I know the Alinsky name is familiar to many of you - when I asked one of you if you knew Alinsky, the reply was, "Of course. He was the Jesus of community organization." And I'm particularly glad that my predecessor Jack Mendelsohn is here today because Jack and Saul knew one another well - of course! - and Jack will share some of his personal recollections during our discussion following the service. But I also know that this name is new to many of you also; and so I want to provide a sketch of his life, incorporating some of his "rules for radicals."

Alinsky graduated from the University of Chicago in 1930, having studied archaeology and sociology. He liked archaeology, but archaeologists were not in much demand. As for the sociology, he was cynical: "the University spent $100,000 on research to find out the location of houses of prostitution which any taxi driver could tell them for nothing." Alinsky was always earthy, and usually ribald.

Jobless, he still needed to eat and discovered a method. He'd go to a restaurant, order a nickel cup of coffee, then stick the bill in his pocket and go chat with the cashier. Finished, he'd pretend to have lost the bill. The cashier knew he'd only had coffee, so she'd charge him a nickel. Alinsky would then go down the street, order a full meal at another restaurant, go to the cashier when he was finished and present the original bill for a nickel. He claimed to have organized all his friends and worked most of Chicago's restaurants until they finally caught on. Though his principles became nobler, all his life Alinsky was wily.

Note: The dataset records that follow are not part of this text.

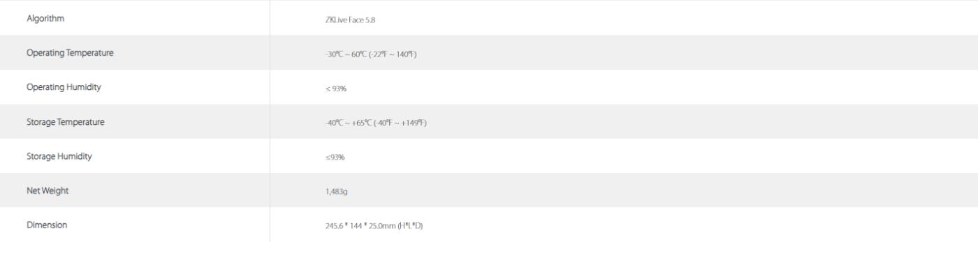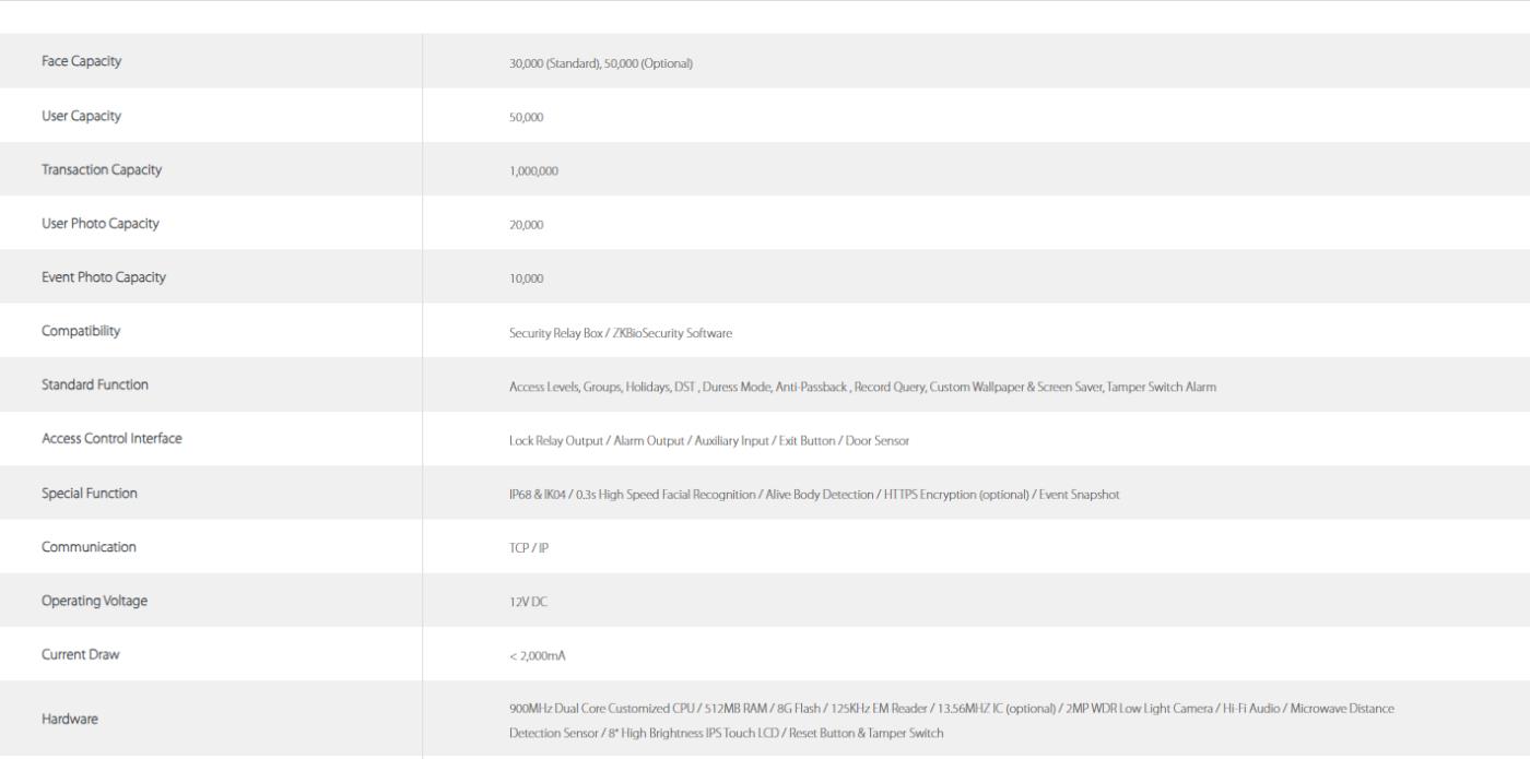 Elite Access is a new high-level facial recognition terminal with extremely powerful facial recognition capability supported with ZKTeco’s customized powerful CPU and ultra-large capacity of facial templates, a maximum of 50,000 facial templates for 1:N recognition. With its powerful core and the latest facial recognition algorithm, Elite Access rapidly recognizes a face within 0.3 second, while e ectively preventing any kinds of print attack with its strong anti-spoofing algorithm.
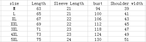 Size: M, L, XL, 2XL, 3XL, 4XL, 5XL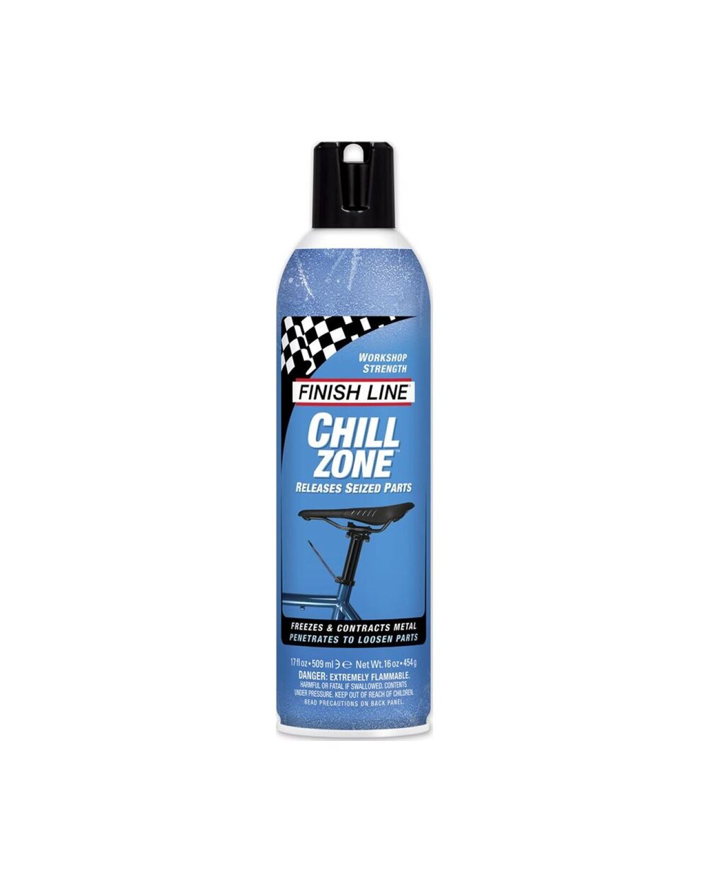 The Chill Zone is your last resort if you need to loosen an overgrown seat post from the frame, a rusted bolt, a fused thread or get an old rusty chain moving again. The preparation freezes any metal down to -45 °C. This causes the metal to shrink and loosen the joint. Simply spray Chill Zone on the item for 10 to 20 seconds, wait 60 to 90 seconds and loosen the part.
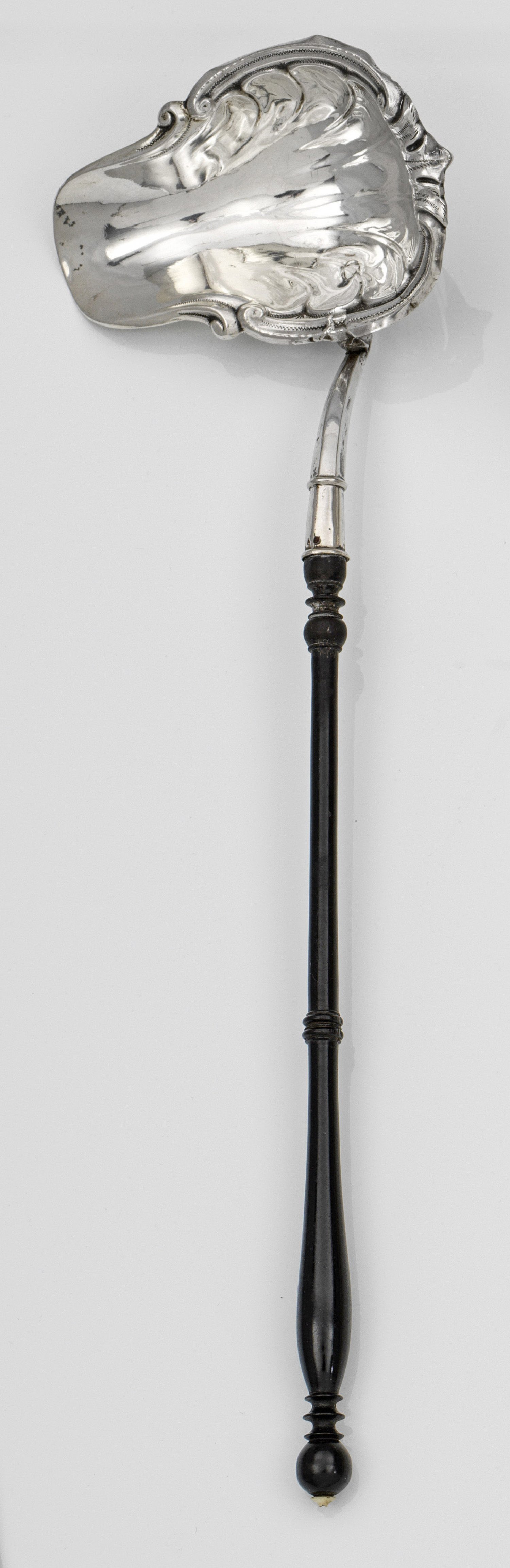 Biedermeier-Punschkelle Silber. Ovale Laffe in Form einer Muschel mit seitlich zum Ausguss gezogenem, godroniertem und fein ziseliertem Lippenrand. Langer Balustergriff aus ebonisiertem Holz. Minim. besch.; L. 38 cm.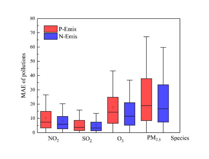 随后,研究员们将使用调整后的排放清单(N-Emis)的污染物浓度模拟值与612个观测站的数据进行对比,发现NO2、SO2、O3 和 PM2.5 浓度的平均绝对误差(MAE)分别从7.39降低至5.91(20.03%)、3.64降低至3.22(11.54%)、14.33降低至11.56(19.33%)ppbv 和从18.94降低至16.67 (11.99%) μg m-3。结果证明了 N-Emis 的可靠性及本研究应用机器学习方法的实用性。(注:括号内数值为降低率。)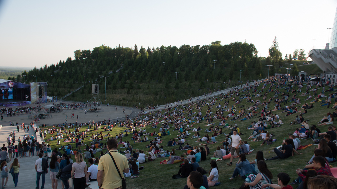 УФА, 26 май 2016. /ИА «Башинформ», Лейла Аралбаева/. В Уфе завершился второй день Международного фестиваля искусств «Сердце Евразии», посвященный Году российского кино в России и Башкортостане. Уфимский амфитеатр вновь собрал тысячи зрителей, на этот раз на Ночь кино.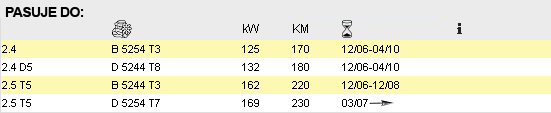 • Volvo C30 2.4 170KM, 2.4 D5 180KM, 2.4 D5 163KM, 2.5 T5 220KM, 2.5 T5 230KM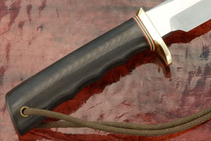 The black Micarta handle is carved with finger grooves to provide a non-slip grip. The contoured handle is very comfortable in hand. A polished brass guard prevents your hand from sliding over the blade. Red, white, and blue spacers finish the handle. A green paracord lanyard is included to provide extra retention in hand.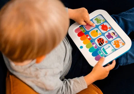 Avec Mes comptines à jouer et à chanter, les enfants de 1 à 3 ans explorent la musique en toute autonomie grâce à une tablette d’éveil sans écran, conçue pour stimuler leurs sens tout en s’amusant.

He got a job studying crime, introduced himself to the Capone gang, where he listened to stories as well as he would later tell them. With the Capones he learned that "life was pretty mixed up, that you had to strain to tell who was better than whom." All the good people were lined up for booze, for dames, for gambling; the mobsters were also the major contributors to charities!

He also learned the importance of personal relationships, of schmoozing. The mobsters never killed people they personally knew, for example; that was the job of out-of-town hit men. Likewise, when Alinsky later worked in the state prison in Joliet, he observed that "when we had to electrocute an inmate, everybody would be half-tanked, including the warden. It's one thing for a judge and jury to condemn a guy who doesn't even have a personality. But after he'd been in prison, we got to know him. We got to know his kids. By the time he went to the chair we weren't executing a convicted felon. We were murdering a human being."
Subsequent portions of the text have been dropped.